補足だが、健康寿命が伸びているが、一方で平均寿命も伸びており、平均寿命から健康寿命を差し引いた期間、言ってみれば、”不健康期間”はほとんど変わっていない。

(平均寿命)ー(健康寿命)=(不健康期間)

したがって、健康寿命の伸びは、介護期間の短縮には結びつかない可能性が高い。

介護にかかる費用は?

1ヶ月にかかる介護費用は、要介護の状態、介護を受ける場所や住宅環境、家庭の事情などによってかなりバラつきがあり、平成27年度 生命保険文化センター「生命保険に関する全国実態調査」によると、平均額は7.9万円となっています

(介護費用の月額平均は約8万円!?平均総額はいくら?

https://www.hoken-buffet.jp/news/knowledge/longterm_avecarecosts/)。

介護費用月額の平均×介護期間の平均=総額として、見てみる。

介護期間で最も多いのは、4~10年未満で29.9%。次が10年以上で15.9%となっています。

そして平均は4年11ヶ月(59ヶ月)。

ニーズに応じたサービス内容の見直し(③安心して暮らすための環境の整備)(参考資料)

https://www.mhlw.go.jp/file/05-Shingikai-12601000-Seisakutoukatsukan-Sanjikanshitsu_Shakaihoshoutantou/0000135323.pdf

社保審-介護給付費分科会第143回(H29.7.19) 参考資料2介護老人福祉施設(参考資料)

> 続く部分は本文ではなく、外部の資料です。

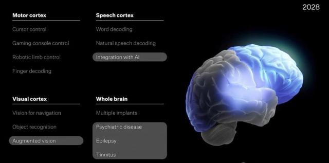 2028 2000年,每一条植入物通道超过 25000 文章,多部件协同接入,深度大脑区域随意阅读和写作,不仅可以治疗精神疾病和慢性疼痛,还可以使人机思维并轨,真正打开“全脑接口”时代。

https://www.mhlw.go.jp/file/05-Shingikai-12601000-Seisakutoukatsukan-Sanjikanshitsu_Shakaihoshoutantou/0000171814.pdf

介護費用の平均総額

「平均期間」と、「月額の平均額」を掛け算して、介護費用の平均総額を算出してみると

59.1ヶ月×7.9万円=466万8,900円

したがって、介護費用として、500万円は見込んでおきたいということになる。

ただし、施設入所となると、月7.9万円では不足する場合が多いと思われる。

そうなると、500万円は最低限のレベルということになる。

読んでいただき、ありがとうございます。

最後に1曲、曲婉婷 (Wanting Qu)の「我的歌声里」

曲婉婷は、中国ハルピン生まれ、カナダを拠点として活動している歌手(http://china8.blog82.fc2.com/blog-category-160.html)。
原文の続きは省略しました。